Former electoral district
- Created: 1943
- Abolished: 1963
- Seats: List 1 (1961–1963); 3 (1943–1949; 1954–1958); 2 (1949–1954);
- Created from: Masyaf
- Replaced by: Latakia

= Jableh (Chamber of Deputies electoral district) =

Former electoral district of Syria's national legislature

Jableh (جبلة) was an electoral district used to elect members of the Syrian Chamber of Deputies between 1928 and 1963.
==Electoral system==

Under the 1928 electoral system, Syria adopted its first formal electoral law after the Ottoman period and under the French Mandate. Promulgated by arrêté No. 1889 of High Commissioner Ponsot, the system created a two-tier indirect electoral system. Male citizens over the age of 21 would elect secondary electors, at a ratio of one elector per hundred first-tier voters, who would then elect members of parliament.

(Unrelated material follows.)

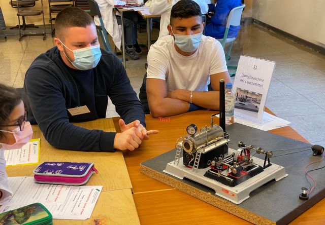 Bei der Dampfmaschine, eine Station weiter, fanden sich Berufsschüler zusammen, für die es zu Beginn eine große Herausforderung war, die Komplexität der Energieumwandlung einer Dampfmaschine zu begreifen und noch zusätzlich auf Grundschulniveau aufzuarbeiten. Doch jetzt, im scharfen Durchgang, ist die Hemmung wegen der Komplexität, nach kleinen Anfangsschwierigkeiten, verschwunden und es wird fleißig erklärt, beschrieben und über Druck, Kraft und Kolbenhub gefachsimpelt.

The number of seats was determined before every election based on the proportional population size of each electoral district, with seats allocated across religious communities according to their numerical share. The system was criticised for entrenching the influence of local notables, elites, and landowners, with limited direct popular participation.

In 1947, the government of Jamil Mardam Bey introduced a new direct electoral system. The system was applied for the first time in the 1947 elections and was amended twice, in 1954 and 1961. It remained in force through the 1961 elections and until the fall of the Second Republic in 1963.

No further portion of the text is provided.